- Task data:
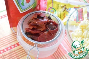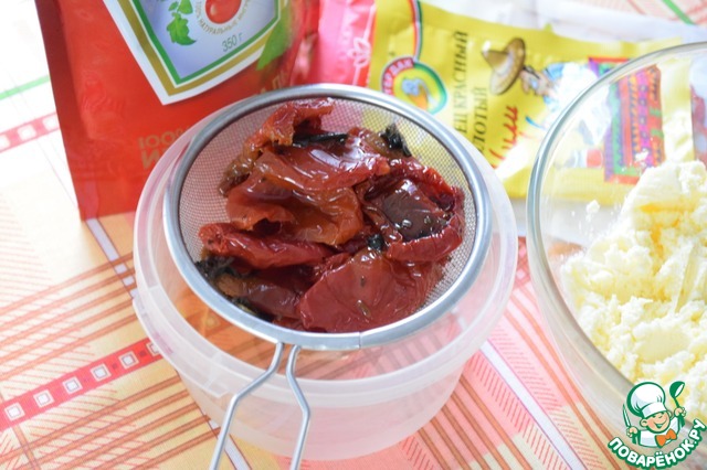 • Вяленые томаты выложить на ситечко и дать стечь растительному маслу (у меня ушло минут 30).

--

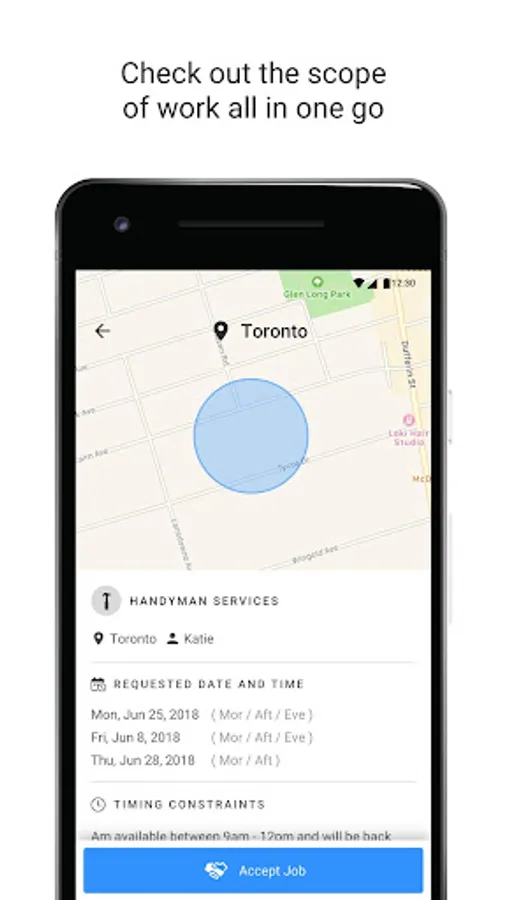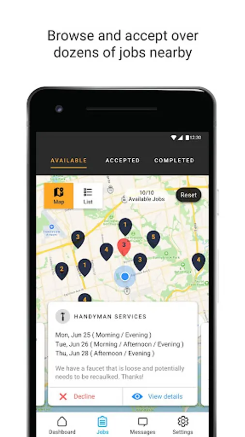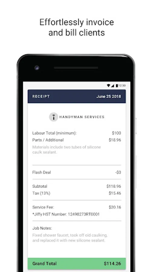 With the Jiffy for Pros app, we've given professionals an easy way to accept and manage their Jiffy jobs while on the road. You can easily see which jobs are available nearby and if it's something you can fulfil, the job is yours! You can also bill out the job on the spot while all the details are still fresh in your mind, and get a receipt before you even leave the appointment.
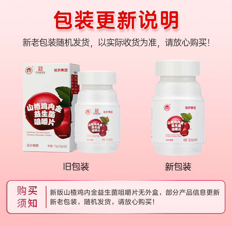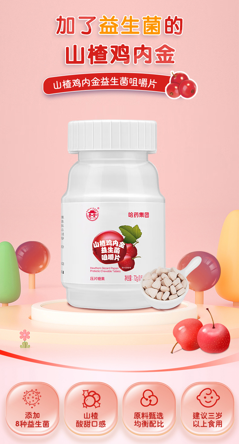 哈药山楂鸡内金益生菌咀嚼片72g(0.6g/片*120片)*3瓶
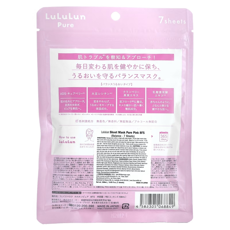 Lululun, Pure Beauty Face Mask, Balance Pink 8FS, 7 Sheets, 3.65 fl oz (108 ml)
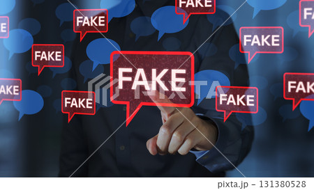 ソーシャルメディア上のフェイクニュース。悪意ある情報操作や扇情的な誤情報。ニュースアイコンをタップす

- Aim of the task: Copy only what runs above from the line containing "Lululun, Pure Beauty" through the line containing "ソーシャルメディア上のフェイ", exactly. Leave out the pictures.

- Answer below:
 Lululun, Pure Beauty Face Mask, Balance Pink 8FS, 7 Sheets, 3.65 fl oz (108 ml)
 ソーシャルメディア上のフェイクニュース。悪意ある情報操作や扇情的な誤情報。ニュースアイコンをタップす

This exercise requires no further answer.